Comparison of the WT BPR, WT GPR, and Q105L 80K FTIR difference spectra in the 3700 - 3550 cm⁻¹ region: (top) WT BPR in H₂O (solid line) and H₂¹⁸O (dotted line); (middle) WT GPR in H₂O (solid line) and H₂¹⁸O (dotted line); (bottom) Q105L BPR in H₂O (solid line) and H₂¹⁸O (dotted line). Spacing of Y-axis (difference absorbance) markers correspond to 0.1 × 10⁻⁴ OD.

Figure 7

Hypothesized positions of residues Gln105, Asn230, and Tyr204 relative to the retinal chromophore and protonated Schiff base.
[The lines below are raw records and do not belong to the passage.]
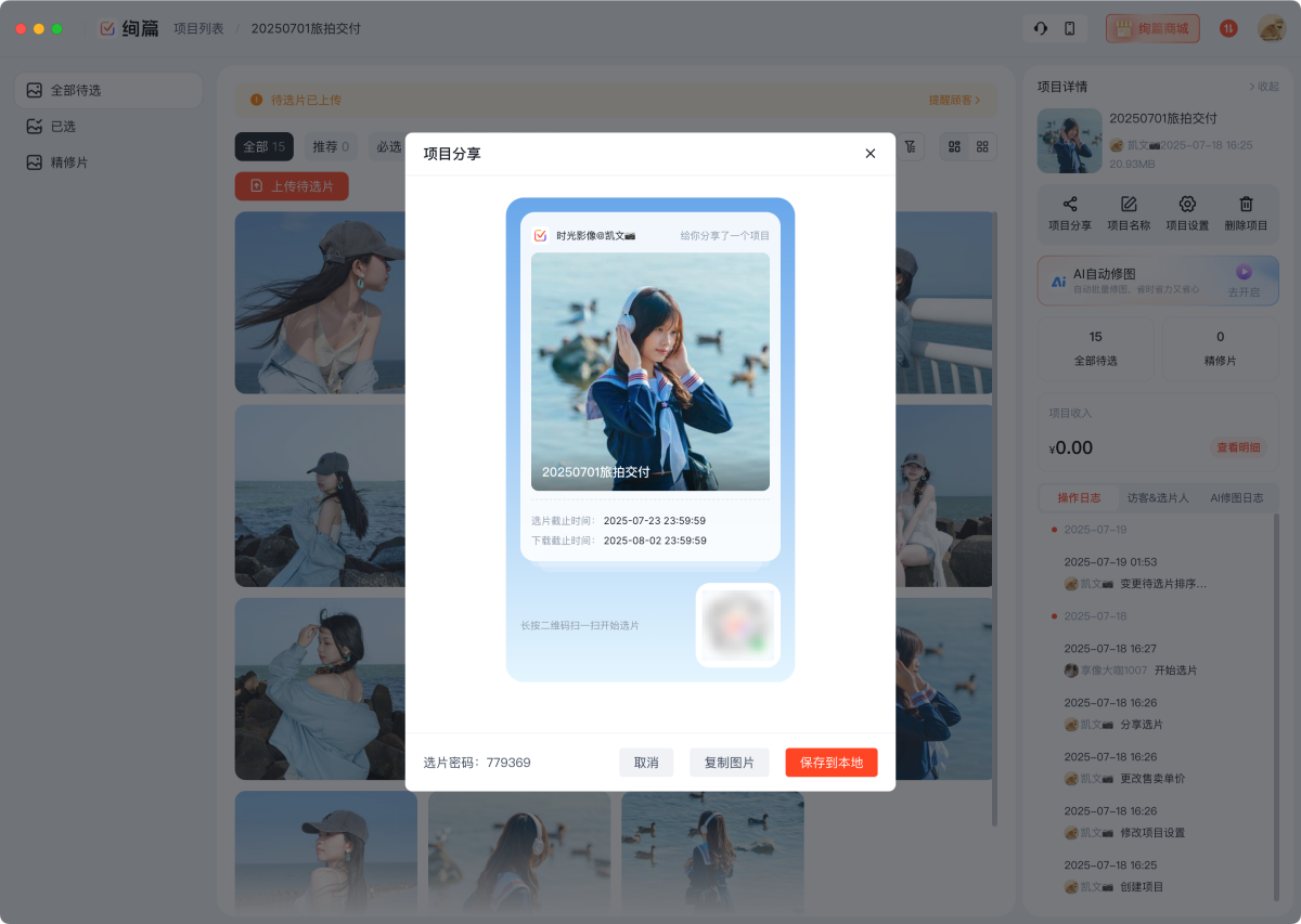 首创"传送门"功能,告别传统6步交付,开启3步极速变现,无需添加客户微信,客户扫码后摄影师即可将照片传送至专属空间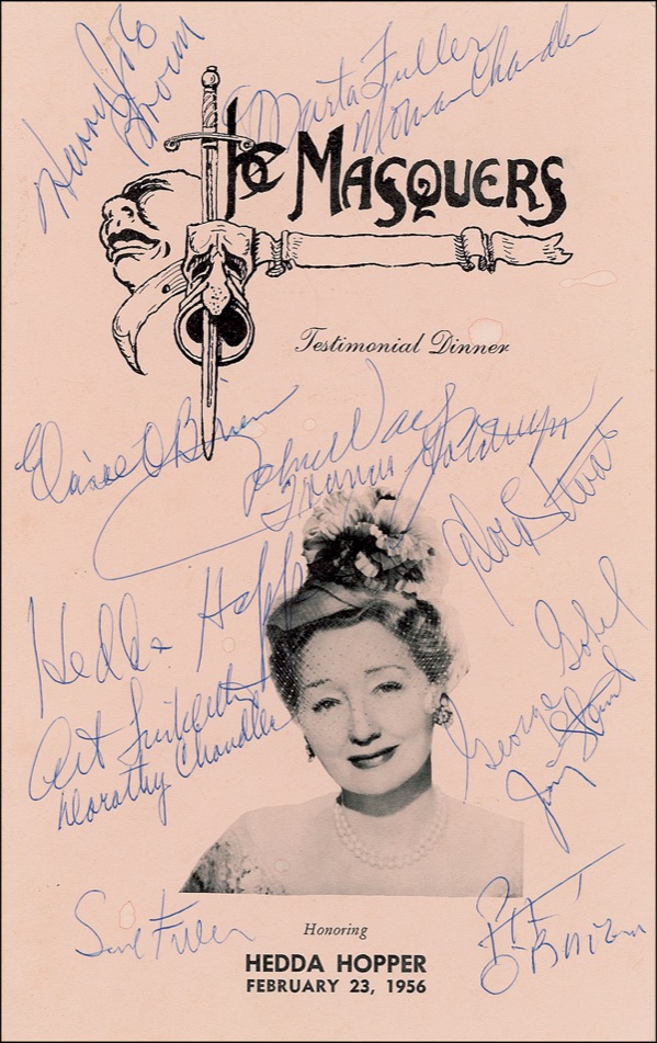 Program for a 1956 Masquers testimonial dinner honoring Hedda Hopper, 6.25 x 9.25, signed on the cover in ballpoint by John Wayne and several others, including Hopper herself, Gloria Stewart, Art Linkletter, Sam Fuller, George Gobel, Jimmy Stewart, and Pat O’Brien. A few small, faint water spots, and two signatures lightly touching Wayne’s, otherwise fine condition. R&R COA.
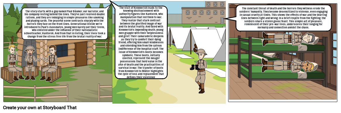 The story starts with a guy named Paul Bäumer, our narrator, and his company resting behind the lines. They've just received double rations, and they are indulging in simple pleasures like smoking and playing cards. The peaceful scene contrasts sharply with the horrors they face on the front lines. Generational Divide we're introduced to Paul's classmates, young men barely out their teens, who enlisted under the influence of their nationalistic schoolteacher, Kantorek. And from that in listing, their lives took a change from the stress free life from the brutal reality of war.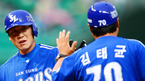 [OSEN=인천, 민경훈 기자] 8일 오후 인천 문학구장에서 열린 '2012 팔도 프로야구' SK 와이번스와 삼성 라이온즈의 경기에서 1회초 1사 삼성 조동찬이 선제 좌중월 솔로홈런을 날린 후 덕아웃에서 김태균코치와 하이파이브를 하고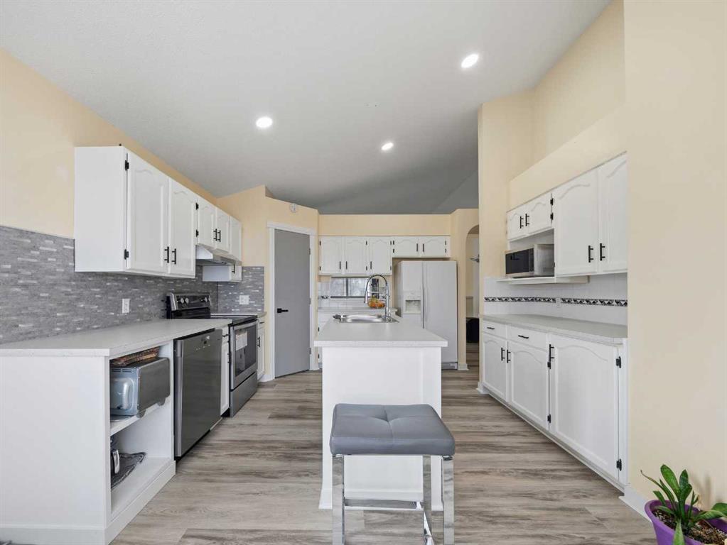 Welcome to this beautiful, spacious family home tucked away on a quiet street in the heart of Somerset—where daily life is easy and everything you need is within walking distance, including schools, transit, shopping, and the neighbourhood water park. This bright bi-level offers soaring vaulted ceilings, abundant windows, and an open, welcoming layout that immediately feels like home. From the moment you enter, you’re greeted by an expansive sense of space as the design flows up to the living room and down to the family room below. The main level features a generous living and dining area with hardwood floors, ideal for entertaining or relaxing with family. The eat-in kitchen is well designed with a centre island, ample cabinetry and counter space, and direct access to a two-tiered deck overlooking a large, fully fenced backyard—perfect for kids, pets, and summer gatherings. The primary bedroom is a comfortable retreat with a walk-in closet and a four-piece ensuite complete with a soaker tub. Additional bedrooms are well sized and versatile for growing families, guests, or home office needs. The fully finished lower level is impressively bright thanks to its open ceiling design and large west-facing windows. This level includes a cozy family room with a gas fireplace, additional bedrooms, a three-piece bathroom, laundry, and plenty of storage. Major updates include a newer roof and hot water tank, offering peace of mind for years to come. With the addition of an extra bedroom, this home now offers exceptional flexibility and space for modern family living. A truly great family home in a fantastic location—move in and enjoy.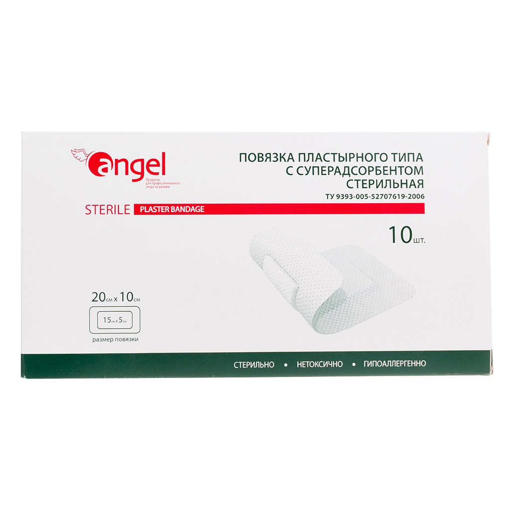 Повязки с суперадсорбентом «Angel» используются для первичной и первично-отсроченной обработки ран, профилактики вторичного инфицирования ран госпитальными штаммами микроорганизмов (травмы мягких и костных тканей, ожоги, гнойные раны). Повязки стерилизуются радиационным способом, выпускаются в индивидуальной упаковке.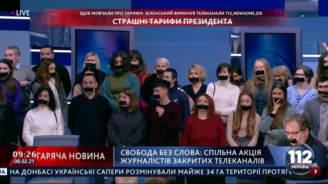 Утром в понедельник, 8 февраля, журналисты трех закрытых оппозиционных каналов ZIk, 112 и NewsOne вышли в эфир с заклеенными ртами в знак протеста против ограничения на свободу слова.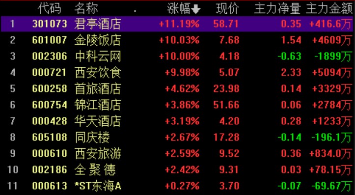 酒店及餐飲板塊開盤后持續(xù)拉升,板塊內(nèi)個股全部實現(xiàn)上漲,其中,金陵飯店、中科云網(wǎng)、西安飲食集體漲停。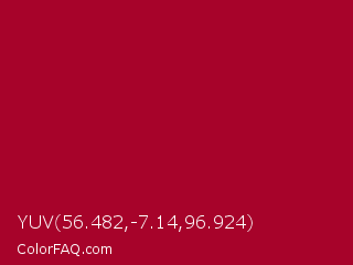 YUV 56.482,-7.14,96.924 Color is a normal red color and the nearest color is Alabama Crimson #af002a. Hex code #a7032a and RGB value is rgb(167,3,42). In RGB color space, this color is composed of 65% red, 1% green, 16% blue, In CMYK color space, this color is composed of 0% cyan, 98% magenta, 75% yellow , 35% black , In HSL color space, this color has a hue angle of 346° , 96% saturation and 33% lightness.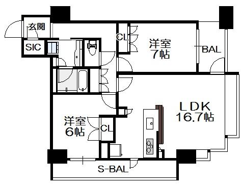 間取り 2LDK(洋7.0 洋6.0 LDK16.7)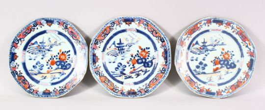 THREE 18TH / 19TH CENTURY CHINESE IMARI PORCELAIN PLATES, each decorated with landscape views, 23cm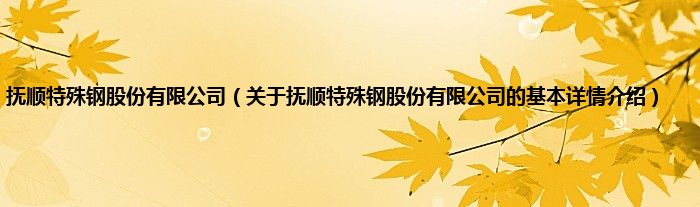 本文关于抚顺特殊钢股份有限公司的基本详情介绍就讲解完毕,希望对大家有所帮助。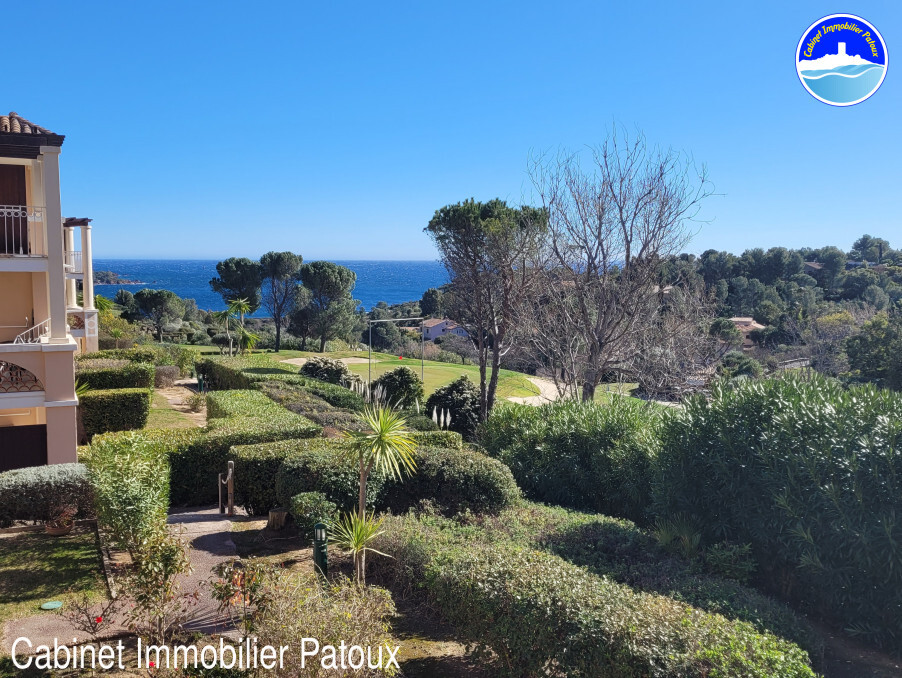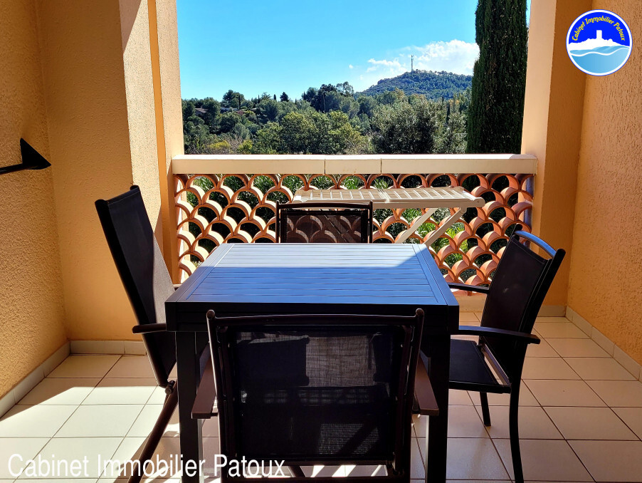 Grande terrasse couverte exposée sud avec vue mer et verdure sud, une table de jardin, 4 chaises et une plancha.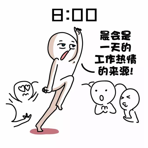 上戰(zhàn)場前,需要知己知彼。早會上,你匯報昨天的工作情況,安排今天的工作,最后,領(lǐng)導(dǎo)會給你帶來一碗雞湯,成為一天的工作熱情的來源。
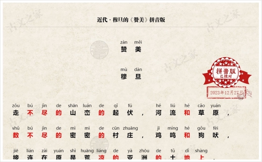 拼音全文:(我们坚持对每一篇古诗文进行人工查证并注音、我们亲自查证并回复来自您的每一次纠错,只为给您一份更为准确的拼音版本,请记住我们:古文之家)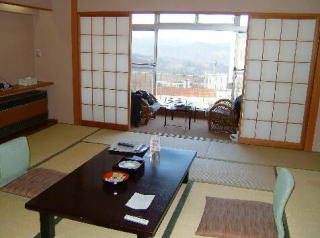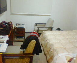 12畳くらいです。窓からの景色も最高です。部屋も一部改装したみたいできれいでした。もちろん、冷蔵庫、テレビ、お風呂などもあります。そして、パソコンも繋がってブログ開始。その後、ここのお風呂に入りに行きました。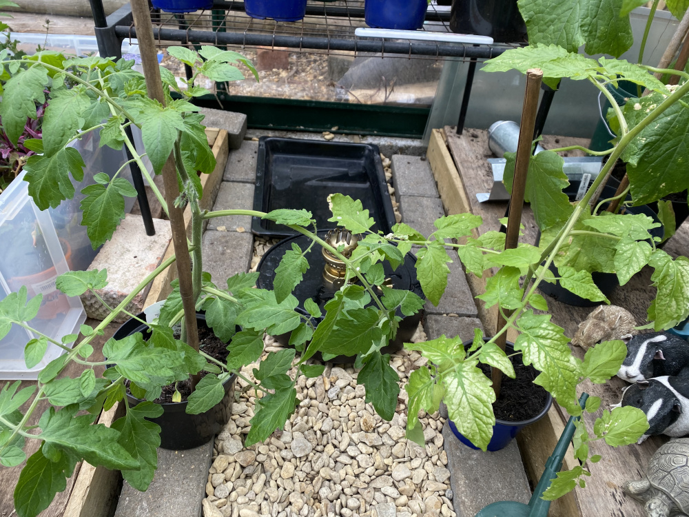 They've been indoors up until now and have romped away, but they now look pretty sorry for themselves, with many of their leaves yellow, or just very pale green.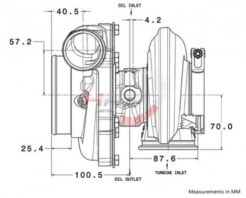 Originální turbo od firmy Garrett řady GT-X nové druhé generace (Gen II). Nové generace turbodmychadel jsou vybaveny následujícími benefity: frézované kované kompresorové kolo ze speciálních lehkých slitin s vysokou pevností, vysoce propustná kompresorová skříň s volitelnou možností montáže snímače otáček, keramické dvojité kuličkové ložisko, inkonelové turbínové kolo odolávající vysokým teplotám, rovnoměrná geometrie snižující pulzní hluk. Turbodmychadla zajišťují perfektní průtok vzduchu, mají mnohem rychlejší nástup a vyšší výkon o 10-20% než klasická řada GT, ale také starší generace GT-X. Ložiska jsou chlazeny vodou a olejem. Absolutní novinou u druhé generace je ta, že některé modely jsou k dispozici s obráceným otáčením směru tzv. reservním.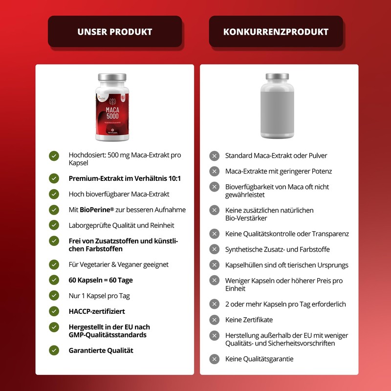 - Maca with increased bioavailability: we use high-quality maca, which already has a high bioavailability. However, to increase the intake, we have added black pepper extract (BioPerine), which increases the bioavailability of maca by 30%.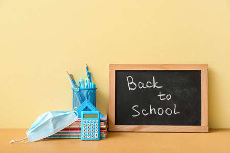 Chalkboard with text BACK TO SCHOOL, set of stationery and medical mask on color background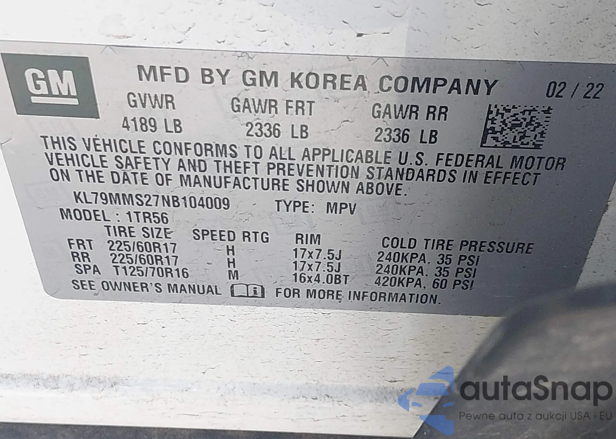 VIN: KL79MMS27NB104009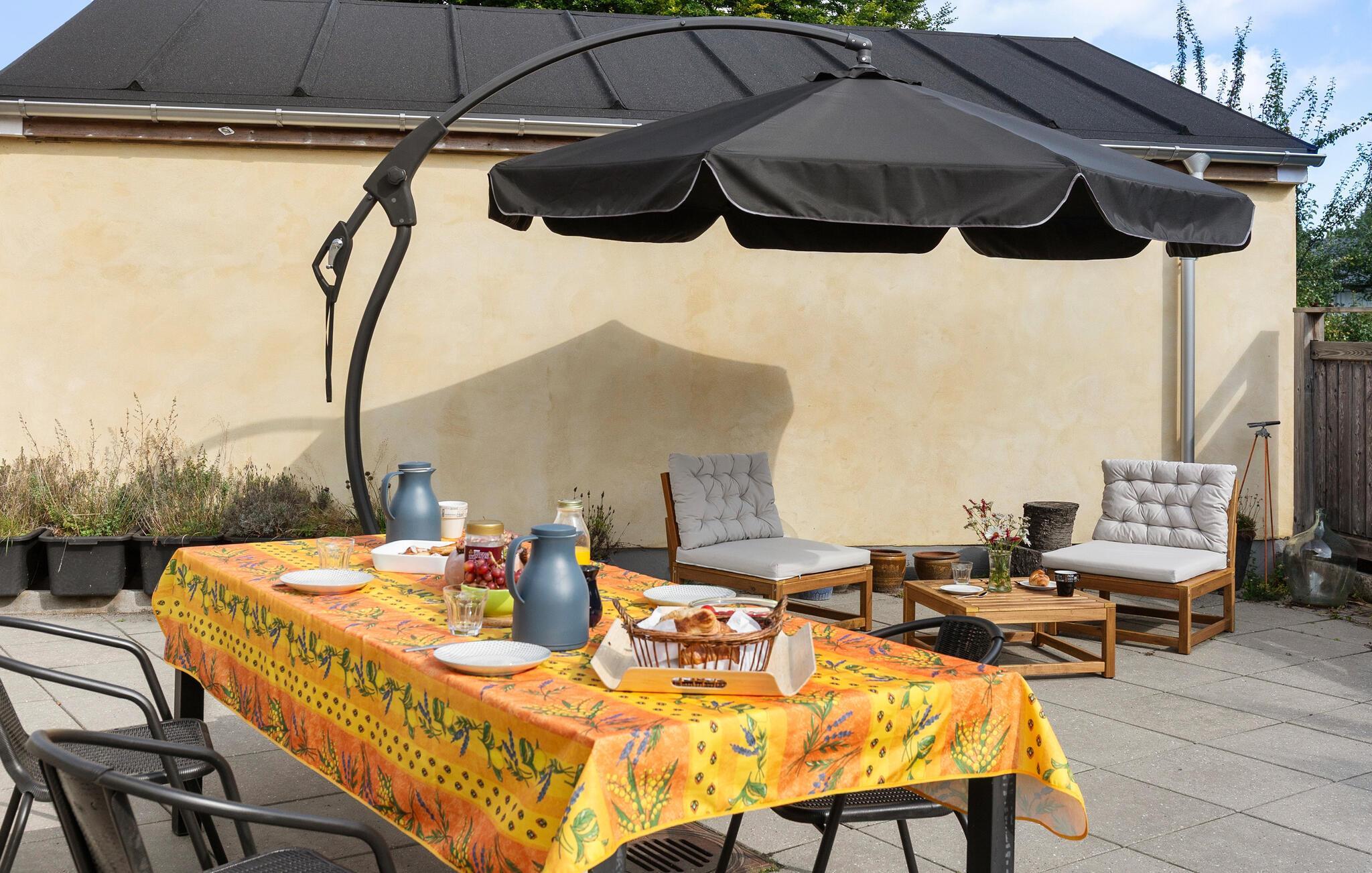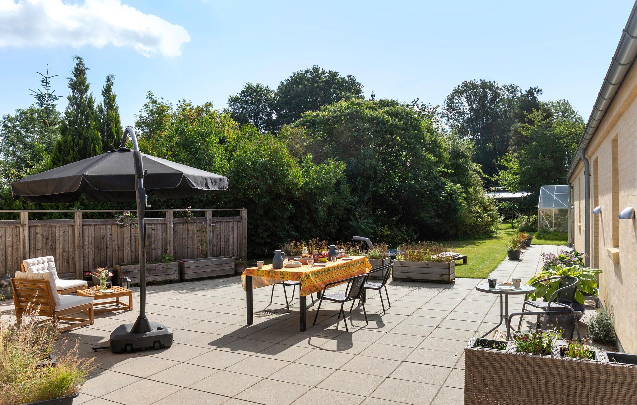 Udnyt det store udendørsareal til afslappende timer i den friske luft. Nyd jeres morgenmad på den møblerede terrasse, eller sol jer på en af liggestolene. Den store have med velplejede græsplæner og blomstrende planter byder på rigelig plads til leg, afslapning eller grillhygge.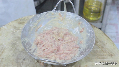 猪肉里加入食盐,料酒,生抽,用手抓匀,再加入一个蛋清,快速搅拌上劲,抓一把玉米淀粉,搅拌均匀,最后加入植物油,用植物油目的是锁住肉丝的水分,使肉丝保持滑嫩。

The figure was created using PyMol software (DeLano, W. L. (2003) DeLano Scientific LLC, South San Francisco, CA 94080) from the PDB file 1JGJ by substituting the specific BPR residues shown onto the SRII crystal structure based on recent findings (54) as discussed in text. The BPR residues were imported to minimize steric interactions with the surrounding residues only. This model is only presented to provide a possible pathway and does not represent the free-energy minima of the protein.